Supervisors Bill Lawhead and Randy Powell were present for the meeting while Supervisor Dan Mitchell was absent.

In regards to demographics, there has been an overall decline in population from 1990 to 2010 when the last census was taken.  This includes what is referred to as the wage-earning population of 18-64.

Although the overall population declined, there was a slight rise in those aged 65 and older, and those people are usually on fixed incomes.

Median housing values and household income are significantly lower than the state and grew at a slower rate.  Gerald Cross of PEL explained this can often lead to blight conditions, especially if vacant property numbers continue to rise.

The group then reviewed the history of the township’s finances.  There have been significant expenditures in public works and fire since 2012 and the township used both Act 13 money and the general fund.

Part-time police costs were also funded through Act 13, and the supervisors were warned they should not be relying on Act 13 money for funding something like police.

In 2014, there was a significant deficit in the township’s budget, which was made up with a cash balance.  Additionally, most of the tax income growth has been in Earned Income Tax and real estate showed flat growth.

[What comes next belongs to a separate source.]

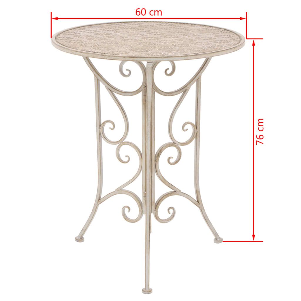 Opis produktu: Ten zestaw mebli w stylu vintage doda klasyczny akcent podczas spożywania każdego posiłku. Stanie się on centralnym punktem Twojego ogrodu, balkonu lub tarasu. Zestaw mebli bistro wykonano z malowanej proszkowo stali, która jest odporna na warunki atmosferyczne i bardzo trwała. Fantazyjne, ręcznie malowane dekoracje i ozdobne rdzewienia sprawią, że zestaw będzie wyróżniał się w każdym ogrodzie, na tarasie lub balkonie. Klasyczny zestaw mebli ogrodowych jest bardzo łatwy do czyszczenia z użyciem wilgotnej szmatki. Krzesła można łatwo złożyć, aby zaoszczędzić miejsce, gdy nie są używane. Przesyłka zawiera 1 stolik i 2 składane krzesła.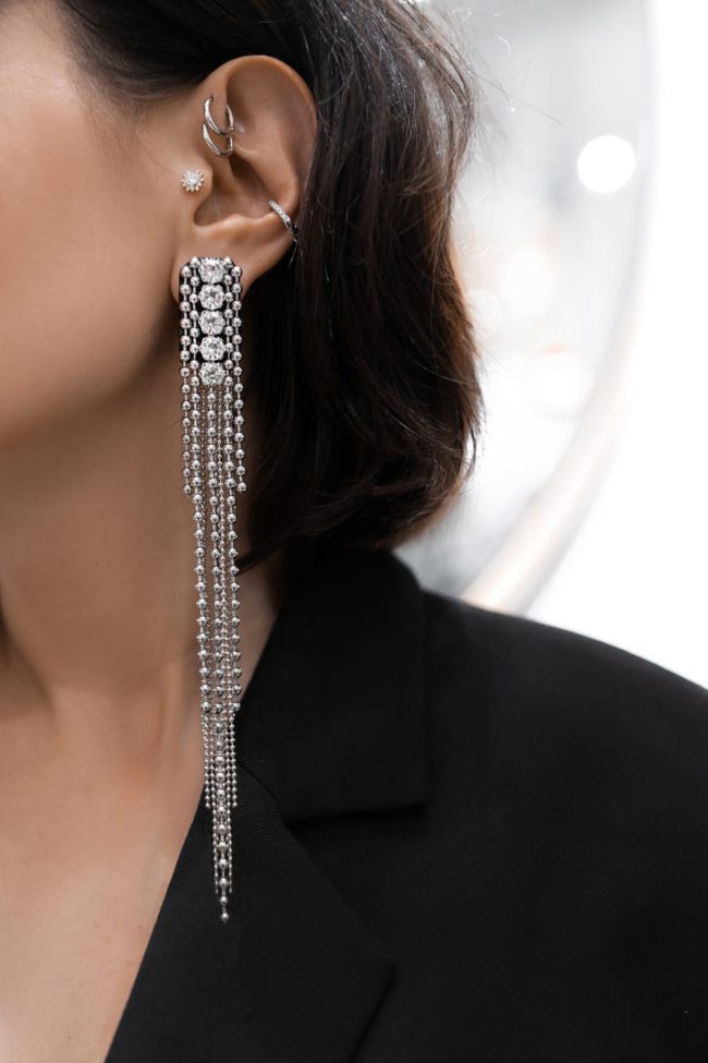 Серьги OXYLOVE Geom – один из тех аксессуаров, которые автоматически придают образу wow-эффект. Особенно в асимметричном исполнении: одна серьга собрана из серебристых ниспадающих цепей и кристаллов, вторая более лаконичная – это швенза-звезда с двумя подвесками.

In regards to millage, the township is currently at 16 mills, which is over the maximum rate set for second-class townships.

The township had to get permission from the court to raise the millage by two, and can obtain an additional three mills this way, and that is the absolute limit.

The most notable expenditures are pension costs, which went up 145 percent in the past five years and health insurance, which the township has taken proactive costs to lower.

Cross said one thing that would help all the municipalities in the county would be a reassessment.  The last property reassessment in the county took place in the 1980’s.

Cross noted that one reason commissioners resist reassessment as it can be political suicide.  However, millages often go down after reassessment.

“Unless a reassessment is on the horizon, you’re stuck at 16 mills,” Cross stated.  He added that services are being demanded, but no one wants to pay increased taxes and the township will have to make difficult decisions soon.

The next section covered projections for the next five years.

Again, Cross warned the supervisors they need to stop depending on Act 13 money.  C. Alan Walker, who is a member of the consolidation committee, pointed out that the money coming from the gas wells could be altered if a severance tax is added or if Act 13 is eliminated and the severance tax takes its place.

Both he and Cross emphasized that rural areas, such as Clearfield County, would not see any severance tax money, it would all go to the big cities such as Philadelphia.

The findings for the future include the following. If Act 13 money remains at about $400,000 and capital expenditures at $200,000 and general fund expenditures at $200,000, deficits begin in 2017 and the cash balance will be reduced by $1 million over the next five years.  If Act 13 money disappears, deficits start in 2016 and the cash balance will be depleted by 2020.

In regards to sewer, there were deficits in 2011 and 2012 and two rate increases in 2013 and 2015.  Projections indicate a surplus, but the township also has more work to be done on the sewer system.

PEL then presented financial recommendations, pointing again at the millage rate in the township with little projected revenue growth.

Options to increase revenue are limited and PEL said it is not a good idea to borrow money or use special debt millage to raise revenue.

Ultimately, the township will need to consider expenditure reductions. Cross said anyone can remove a little flotsam here and there and maybe reduce the budget 1-2 percent, but what the township will need to do is make big cuts in services and capital projects.  The representatives of PEL also made suggestions for budgeting to help keep track of where money goes.

Walker then asked how the township compares to Clearfield Borough and Cross said they are very similar in demographics, housing, financing, etc.

“From an outsider point of view, you look the same,” he said. According to Cross, borough millage is at 25 and they could go up 10 more, five of that 10 with court approval.  Additionally, Act 13 money took a hit this year, dropping over $35 million from the year before.

It was noted that this is the reality in most Pennsylvania municipalities.  Here, the township, borough, county, school districts, etc. are all facing decreased population, which results in decreased tax base.

The next meeting of the consolidation committee will be Tuesday at 6 p.m. at the Clearfield Borough Building.  All meetings are open to the public.